Judging, Creating, and Activists

One of the things that I find annoys me most about our political setup as it is currently practiced in the presence of Activist Judges. A Judge is supposed to judge - look at a situation and see how it applies to the stated, written law - and then apply that law to the situation. Did the person violate the law? If so, what punishment does the law prescribe a violation if there is one.

The problem is that with the advent of Judicial Review in the US we have established a tradition of allowing judges to de facto create laws if they declare a current law to be "unconstitutional" - like Miranda rights. You have to be read your rights - everyone who has ever watched a cop show or a cop movie knows this. There was no law passed by congress on this - rather it was a result of the case Miranda vs. Arizona in 1966 - where it was determined that if a policeman did not inform a suspect of their right to remain silent, the police were violating the suspects 5th amendment right to avoid self incrimination. What? Where did that come from? Yet - that's the way it is, and we shrug.

I find it disgusting. Is have Miranda rights nice - sure - but let the Congress do that - making Law is their job. I despise it when judges try to "fix" things - their job is simply to judge the current law - not create the law. Even if Miranda rights are a good idea - it's not the courts job to create - but simply to judge.

Now, why all this here on a theological blog? There are many people who cringe when they hear certain folks talk about the Congregation's right or the Individual's right to "judge" doctrine. And why? Because just as there are activists judges who forget what judging is to be - there are Christians and Congregations who used this language to justify anything they do - they are just exercising their right to judge doctrine.

Judging has nothing to do with whether or not you "like" something in doctrine and want it taught. Frankly, I hate the idea of hell - I know people probably headed that way and I dislike it - but I am bound to preach and teach it - because it is what Scripture teaches. I must go by what Scripture teaches. This is also what every Christian and every Congregation must do - go by what Scripture says. To judge doctrine doesn't mean to give an opinion on whether or not people like a doctrine, rather, to judge doctrine describes the idea that a Christian or Congregation is to search the Scriptures and to test the Spirits, as it were - on any theological idea - show it from Scripture.
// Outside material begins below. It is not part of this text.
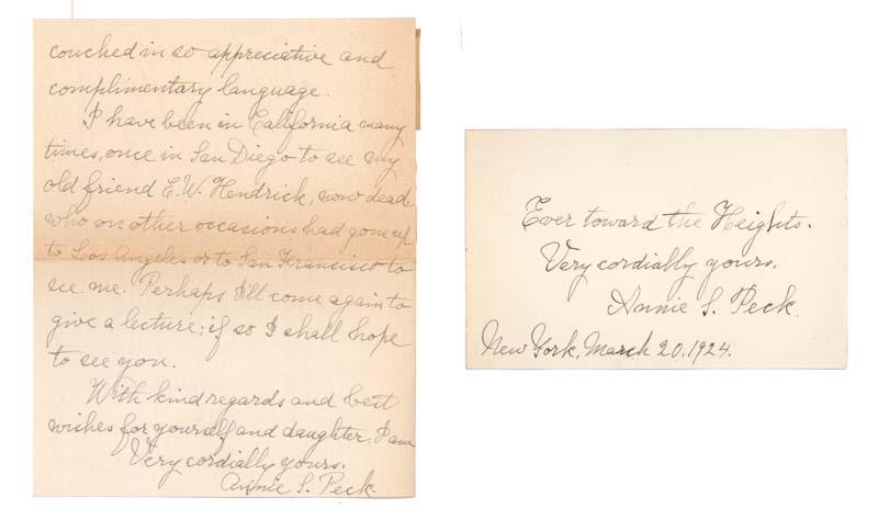 ANNIE SMITH PECK. Mountain climber. Signed card and ALS. 5” x 3 1/4” and 5” x 6 1/2” respectively. March 1924.Mounting trace on verso. Fine.

This is vital - and we ought not let the abuse of an idea sour us on the right and proper use of an idea. In this country, do activist judges annoy me? Yes. Does that mean we should get rid of all judges? No, we need them. Likewise - do some people or groups misuse the language of the "right to judge doctrine" in a way that is horrid? Yes. Does that mean we should get rid of it - no.

Rather - we need to teach as Pastors (you know, those who are Pastor and Teachers) - and constantly point to Scripture. What does the Word say, what does the Word say - behold our constant refrain. Indeed, we need to avoid the idea of "this is what I say" but emphasize this - "Behold what the Word says - and we are bound to this, and we abandon it only at the risk of eternal damnation." Don't lament that people abuse the "right to judge doctrine" - teach them what it actually is - and as a result the importance of the clear statements of Scripture.